Arms of Keith, Lord Falconer of Halkerton

The title Lord Falconer of Halkerton is a dormant title in the peerage of Scotland, created on 20 December 1646 for Sir Alexander Falconer, Lord of Session, with remainder to his heirs-male whatsoever. King Charles I granted Sir Alexander a yearly pension of £200 with the title, for his ability, integrity, and affection for administration of Justice.

David Hume's mother was a great-granddaughter of a brother of Sir Alexander Falconer, 1st Lord Falconer of Halkerton.

In 1778, the 7th Lord inherited the Earldom of Kintore, and the two titles remained linked until 1966. The lordship then became vacant with the death of Arthur George Keith-Falconer, 12th Lord Falconer of Halkerton and 10th Earl of Kintore, although the earldom of Kintore continued in the female line.

Peter Serrel Falconer (died 2003), an architect, was the presumed heir to the feudal barony (1206) and Lordship (1646) of Halkerton, and had three sons (Thomas, Richard and William), but did not pursue the claim.

==Lords Falconer of Halkerton (1646)==

Descendants survey pedigree graph of the "Lords Falconer of Halkerton".
The yellow boxes below his Lordship's name, shows the period during which the title: "Lord Falconer of Halkerton" was owned. (click picture to enlarge)
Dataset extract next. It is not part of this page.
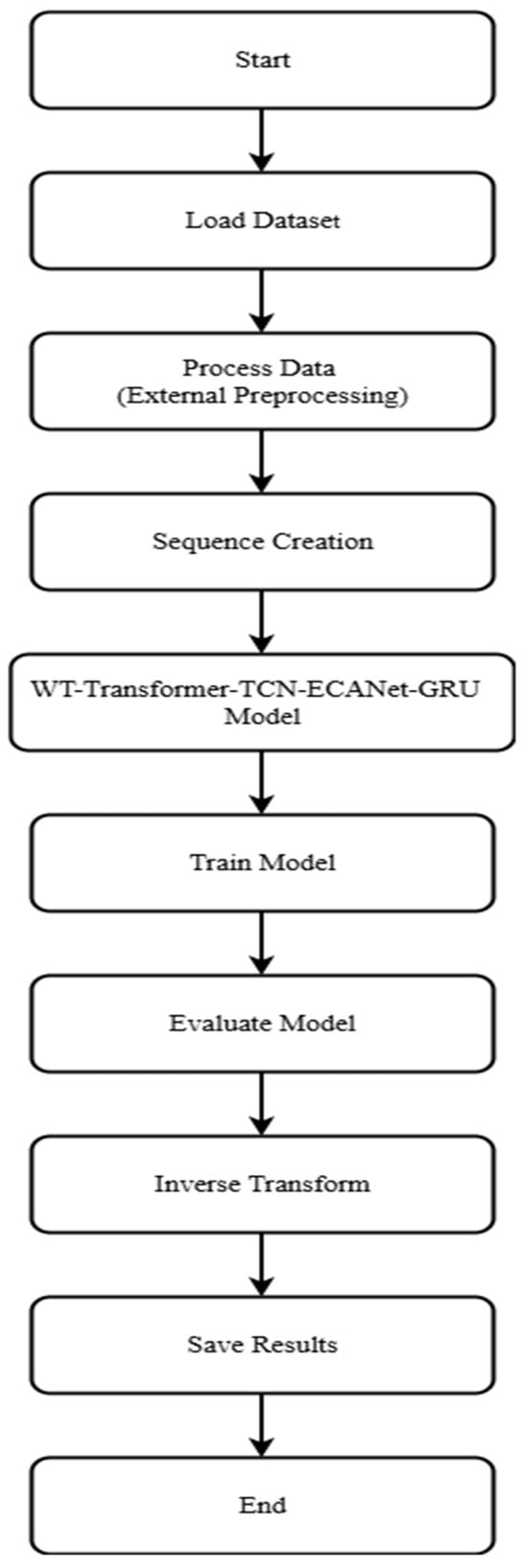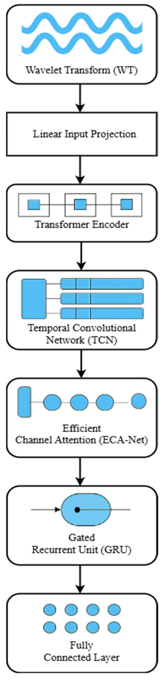 WT–Transformer–TCN–ECANet–GRU is a novel hybrid deep architecture specifically designed for PV power forecasting. The proposed model integrates multiple modeling paradigms (frequency domain analysis, attention mechanisms, and sequential learning) to capture global and local temporal dependences in time series data effectively. The proposed architecture is composed of a structured pipeline of specialized modules, each module being specifically designed to extract, transform, and cleanse temporal features of high fidelity.

1. Sir Alexander Falconer, 1st Lord Falconer of Halkerton (1595–1671)
2. Alexander Falconer, 2nd Lord Falconer of Halkerton (1620–1684)
3. David Falconer, 3rd Lord Falconer of Halkerton (1668–1724)
4. David Falconer, 4th Lord Falconer of Halkerton (1681—1751), grandson of the brother of the first lord, married Lady Katharine Margaret Keith (daughter of William Keith, 2nd Earl of Kintore)
5. Alexander Falconer, 5th Lord Falconer of Halkerton (1707–1762)
6. William Falconer, 6th Lord Falconer of Halkerton (1712–1776), succeeded his brother Alexander Falconer, who died childless
7. Anthony Adrian Keith-Falconer, 7th Lord Falconer of Halkerton (1742–1804), Earl of Kintore, became 5th Earl of Kintore in 1778
8. William Keith-Falconer, 8th Lord Falconer of Halkerton (1766–1812), 6th Earl of Kintore
9. Anthony Adrian Keith-Falconer, 9th Lord Falconer of Halkerton (1794–1844), 7th Earl of Kintore
10. Francis Alexander Keith-Falconer, 10th Lord Falconer of Halkerton (1828–1880), 8th Earl of Kintore
11. Algernon Hawkins Thomand Keith-Falconer, 11th Lord Falconer of Halkerton (1852–1930), 9th Earl of Kintore
12. Arthur George Keith-Falconer, 12th Lord Falconer of Halkerton (1879–1966), 10th Earl of Kintore.

With the death of Arthur George Keith-Falconer, 12th Lord of Halkerton, the title "Lord Falconer of Halkerton" became dormant.
This means that an heir is believed to be alive, but it is uncertain who the heir is.